Workshop für Jugendgruppenleiter, Eltern und Pädagogen : Cybermobbing bei Jugendlichen und wie damit umgehen, am 20.03.19

Das Jugendforum Brückenschlag aus Salzhausen lädt in Zusammenarbeit mit der Reso-Fabrik e.V. wieder zu einem interessanten Workshop für Jugendgruppenleiter und Eltern ein.

Am Mittwoch, 20.03. informiert Dipl. Sozpäd. (FH) Silke Scheiderer im Sitzungsaal des Rathauses in Salzhausen über das Thema Cybermobbing.

Das Handy und das Internet haben im Alltag von Kindern und Jugendlichen einen festen Platz. Die vielen technischen Möglichkeiten führen aber auch zu neuen Problemen.
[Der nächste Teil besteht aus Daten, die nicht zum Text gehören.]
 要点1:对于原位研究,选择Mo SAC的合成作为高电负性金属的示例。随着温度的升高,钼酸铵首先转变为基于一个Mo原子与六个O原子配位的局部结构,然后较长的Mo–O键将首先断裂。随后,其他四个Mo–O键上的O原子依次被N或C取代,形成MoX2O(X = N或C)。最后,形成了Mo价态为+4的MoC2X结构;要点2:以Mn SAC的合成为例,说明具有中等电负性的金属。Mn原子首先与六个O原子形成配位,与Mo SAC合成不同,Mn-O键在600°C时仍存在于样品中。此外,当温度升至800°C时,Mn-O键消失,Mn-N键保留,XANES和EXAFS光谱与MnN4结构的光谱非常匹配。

Mit einer Vielfalt an Funktionen kann das Handy (und auch das Internet) zu einer mächtigen Waffe werden, die vor allem Jugendliche aufeinander richten. Da werden peinliche Situationen oder Schlägereien gefilmt und verbreitet, beleidigende SMS oder Instant Messages verschickt oder Mitschüler/innen über eine Online Community gezielt fertig gemacht. Die Themen Gewalt und Mobbing sind dabei nicht neu – die Formen und das Ausmaß allerdings schon.
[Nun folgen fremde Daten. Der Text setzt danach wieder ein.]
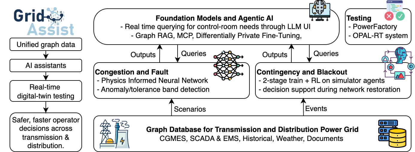 Research Project: GridAssist – AI-based techniques for automated congestion control and fault mangement in power grids, while also buidling a robust knowledge database that integrates and harmonizes heterogeneous power grid data from multiple sources.

Cybermobbing geschieht meistens anonym. Die Opfer wissen also nicht, wer sie belästigt. Das kann zu großer Angst und Verunsicherung führen, weil Schüler/innen dann zum Beispiel anfangen, alle Mitschüler/innen zu verdächtigen. Für die Täter/innen bedeutet diese anonyme Form des Mobbings, dass sie ihre Opfer nicht ansehen müssen und sich dadurch vielleicht noch gemeinere Dinge trauen. Durch die Nutzung von Handy und Internet können Mobbingopfer auch außerhalb der Schule und in ihren privaten Räumen, erreicht“ werden. Vor allem die Verbreitung von beleidigenden Bildern kann zudem nur schwer kontrolliert und im schlimmsten Fall im Internet weltweit verbreitet werden. Umgang mit Gewalt. Gewalt fängt nicht auf dem Handy oder im Internet an, sondern ist heute Bestandteil jugendlicher Lebenswelten – sei es in den Medien, in der Familie oder im Freundeskreis. Auch Mobbing ist vor allem in Schulen kein neues Problem. Auch ohne den Einsatz von Medien reagieren Opfer darauf zum Beispiel mit Depressionen, Angstgefühlen, sozialer Isolation, körperlichen Reaktionen oder schulischem Misserfolg. Zudem ist Medienmobbing oftmals schwerer zu erkennen.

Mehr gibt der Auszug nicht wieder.